1

I'm trying to transfer data from SQL server to DynamoDb using Node.js

 sql.connect(config, function (err) {

    if (err) console.log(err);

    // create Request object
    var request = new sql.Request();

    // query to the database and get the records
    request.query('SELECT Client, Brand FROM Client WHERE Brand = 6',
        function (err, recordset) {

            if (err) console.log(err);

            console.log('request exectued');
            var itemProcessed = 0;
            // send records as a response
            recordset.forEach(function (record) {

                var params = {
                    TableName: 'ClientBrandLookUp',
                    Item: {
                        'ClientID': record.Client,
                        'Brand': record.Brand
                    }
                };

                docClient.put(params, function (err, data) {
                    if (err) {
                        console.log(err);
                    } else {
                        console.log('Added');
                        itemProcessed++;
                        if (itemProcessed === recordset.length) { alldone(); }
                    }
                });
            });
        });
});

I am new to Node.js and I think I am doing this wrong. I have 150000 thousands records in my sql table.

The process is using a lot of memory and I'm getting a Javascript heap out of memory. I checked the Provisioned Throughput of my dynamo table and set it up to 4000 writes per seconds. If I reduce the number of line coming from SQL this code works fine.

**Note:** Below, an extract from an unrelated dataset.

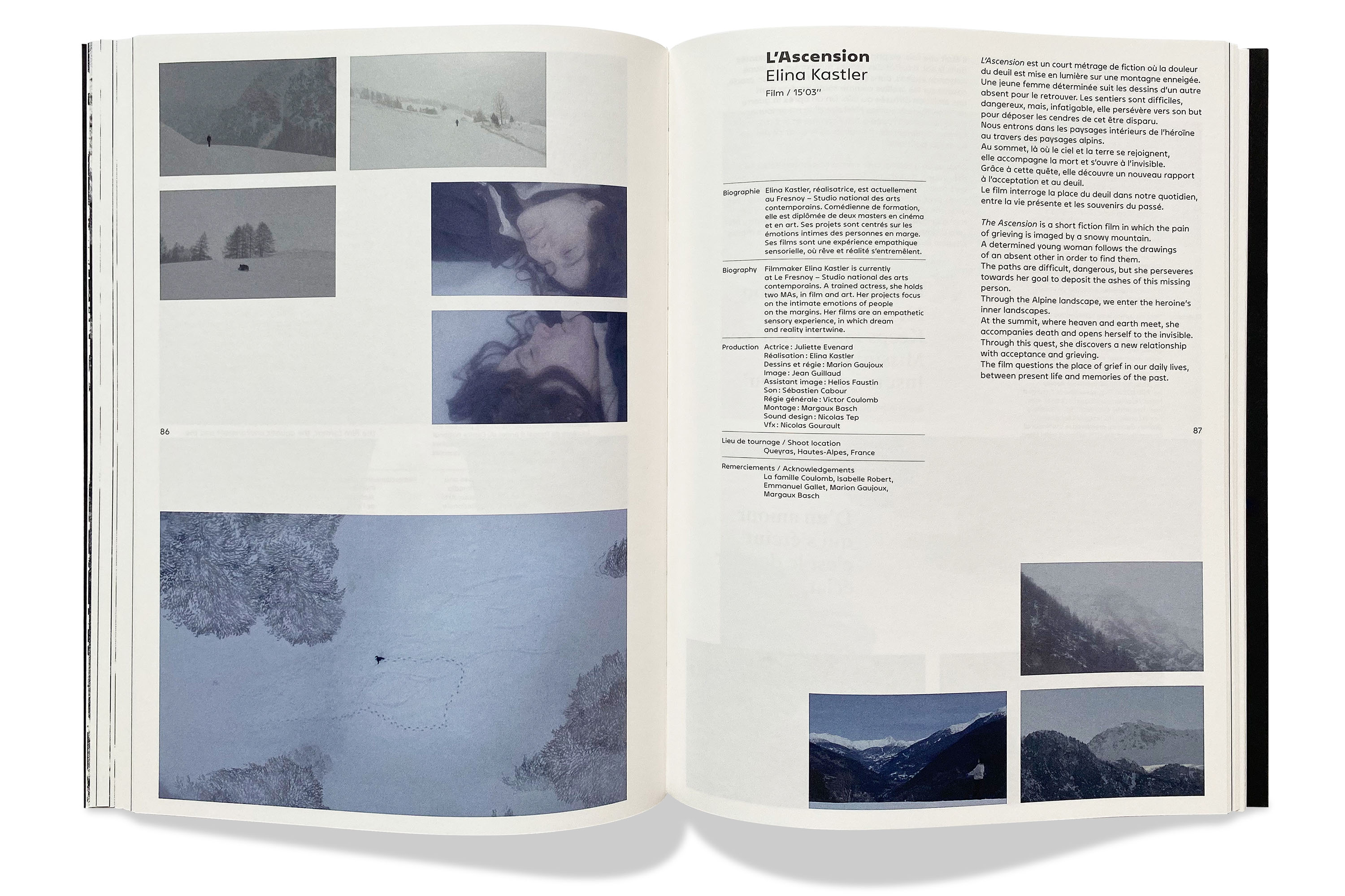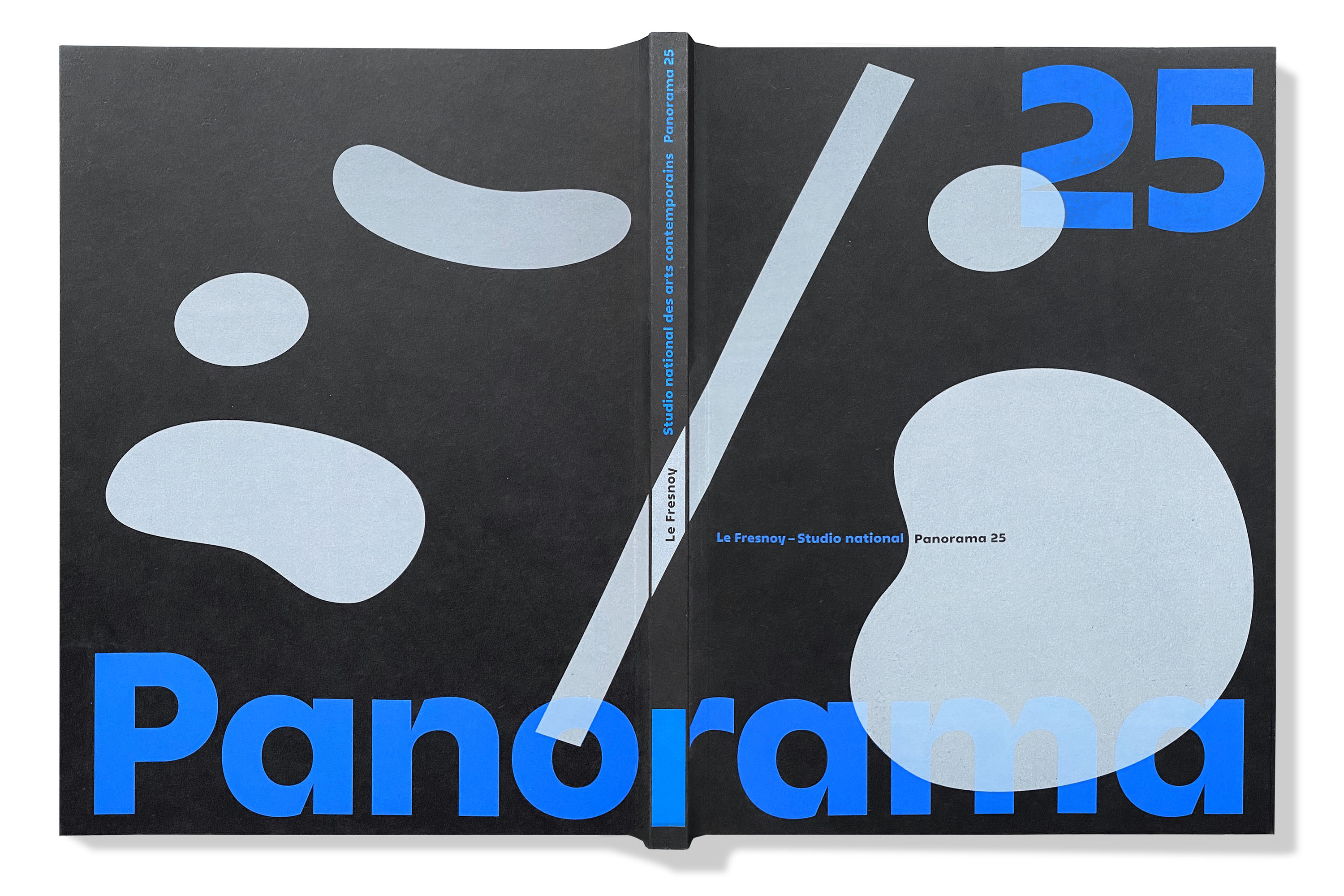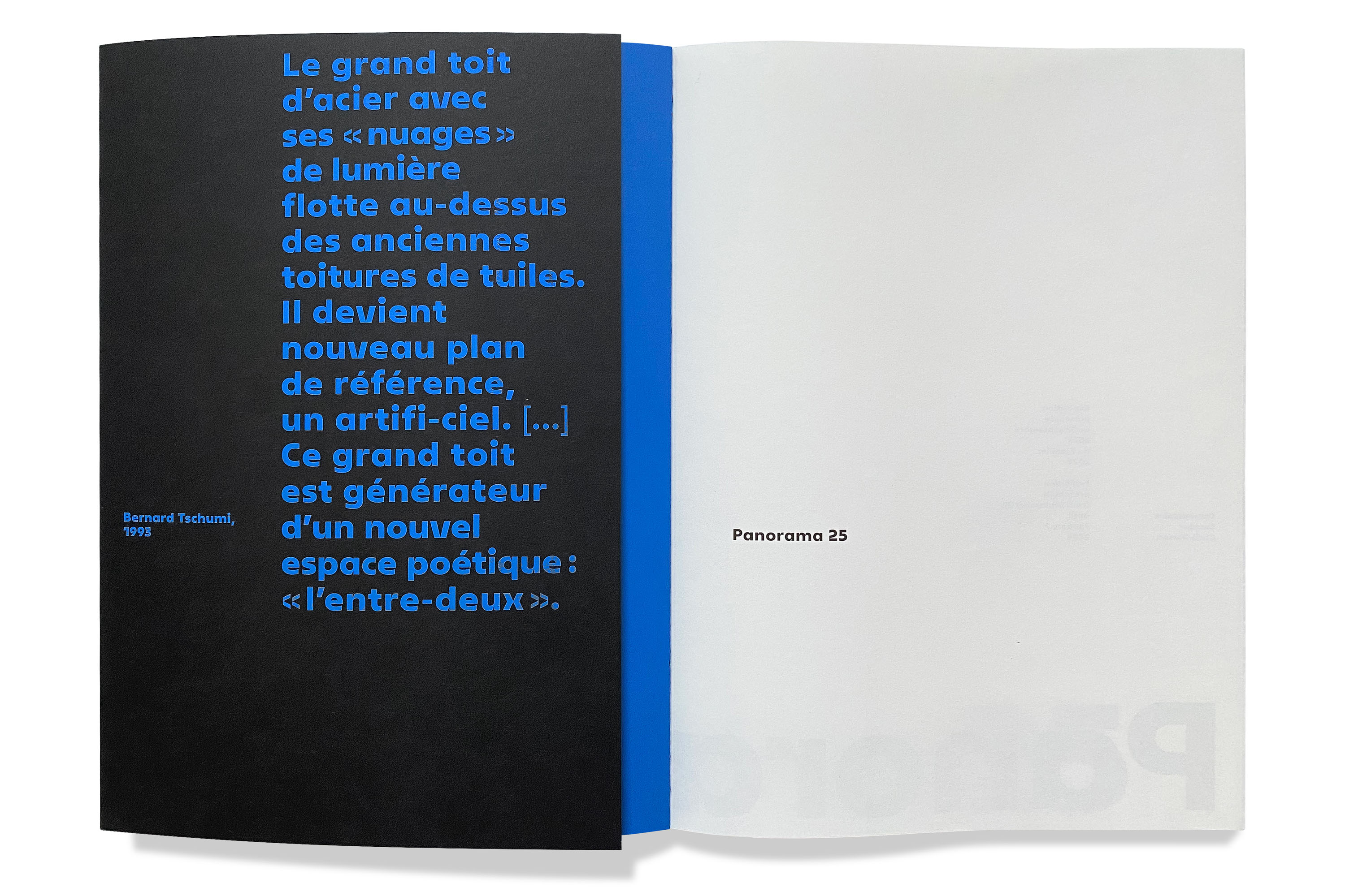 The cover is a tribute to the architecture of Bernard Tschumi, and in particular to the “clouds”, as he called the shapes cut out in the roof. The white shapes, printed in screen printing, partially cover the title, like spots of light projected onto the cover. The blue is a nod to the dominant color of Fresnoy, wanted by Tschumi. Published under the direction of Chris Dercon, curator of the exhibition, with essays by Cord Riechelmann and Wouter Davidts.

Any help or advice will be greatly appreciated.

Theo
  • 473
  • 8
  • 20
  • I completely recognize this wasn't your question, but maybe node isn't the best tool for the job. You might look at dedicated ETL software (ETL = Extract Transform Load. Just fancy talk for moving lots of data). – Xedni Jan 20 '17 at 23:36

1 Answers1

2

The problem is it's trying to load all 150,000 records into memory at once. What you should do is adjust your query to request only parts of the dataset at once (pages). There are a number of answers on SO regarding how to implement paging in T-SQL, but if you're using a newish version, this answer should do the trick. That said, it will be up to your code to figure out how many total records there are and keep track of the current page.

Chris Thompson
  • 35,167
  • 12
  • 80
  • 109